The universities aren’t the only parties to file briefs with the court. Numerous other biotechnology companies, the lawyers who represent them, and other intellectual property proponents filed briefs supporting Monsanto. One of these briefs, offered by BayhDole25, illustrates the degree to which the partisans of GMO technology have confused their legal arguments with ethical and moral appeals:
“This compensation [from patents] in turn supports long-term investment in new technologies for the continued vibrancy of U.S. agricultural biotechnology, where the private sector now provides the lion’s share of R&D critical to continuing agricultural productivity gains. Like never before, innovative agricultural biotechnology companies play a key role in the commercialization and assimilation of advanced technologies for creation of economic and social value in the United States, as well as to meet global challenges associated with population growth and climate change.”
Similarly impossible to prove value-laden language permeates the other briefs in support of Monsanto.
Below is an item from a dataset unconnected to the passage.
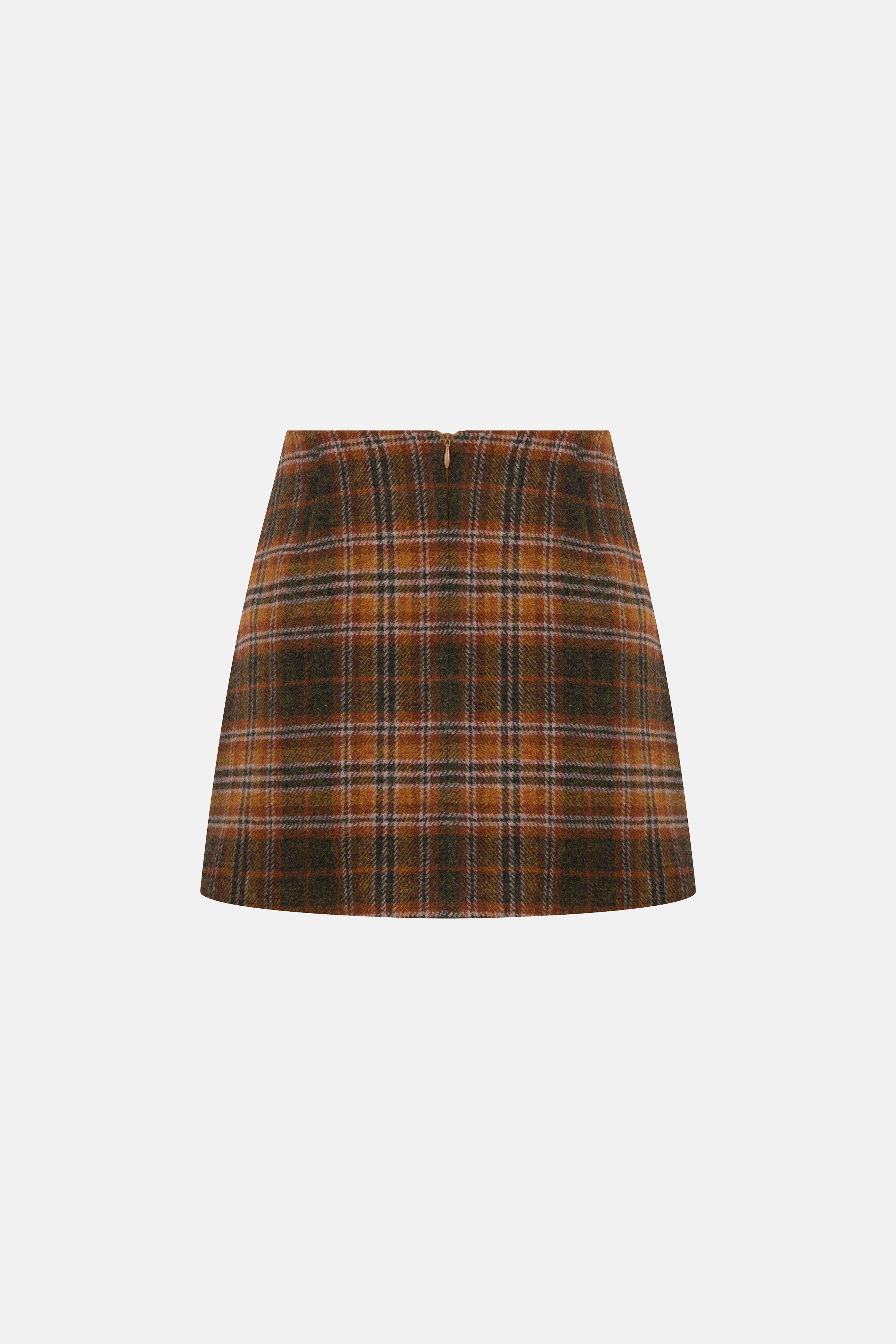 The DREAM MAKER skirt in rich brown checked print is tailored in a structured yet wearable silhouette and crafted from a refined wool‑blend fabric (%80 wool, %20 polyester) for both texture and durability.The timeless check pattern and premium weave make this skirt a versatile piece—perfect when ... Read more paired with a crisp white blouse and loafers for office polish, or styled with a sleek black turtleneck and boots for chic weekend ease. With its subtle sophistication and enduring design, it’s a go‑to for elevated everyday styling.

For whatever reason these corporations, including the university-corporations like UC, feel their case must rest on more than just the letter of U.S. patent law, which does read in their favor.
It’s perhaps worth noting here that BayhDole25, a group founded to promote technology transfer between universities and corporations, is run by a pharmaceutical industry lobbyist and a university researcher who claims to have been “the first person to receive a patent for a transgenic organism.” The Bayh Dole Act from which they take their name was passed by Congress in 1980. It was a watershed moment in terms of the incentives it created toward further privatization of U.S. universities. Prior to Bayh Dole university researchers using federal funds were required to hand over any patentable inventions to the U.S. government. After Bayh Dole schools could take out the patents on technologies arising from federal research conducted under their auspices.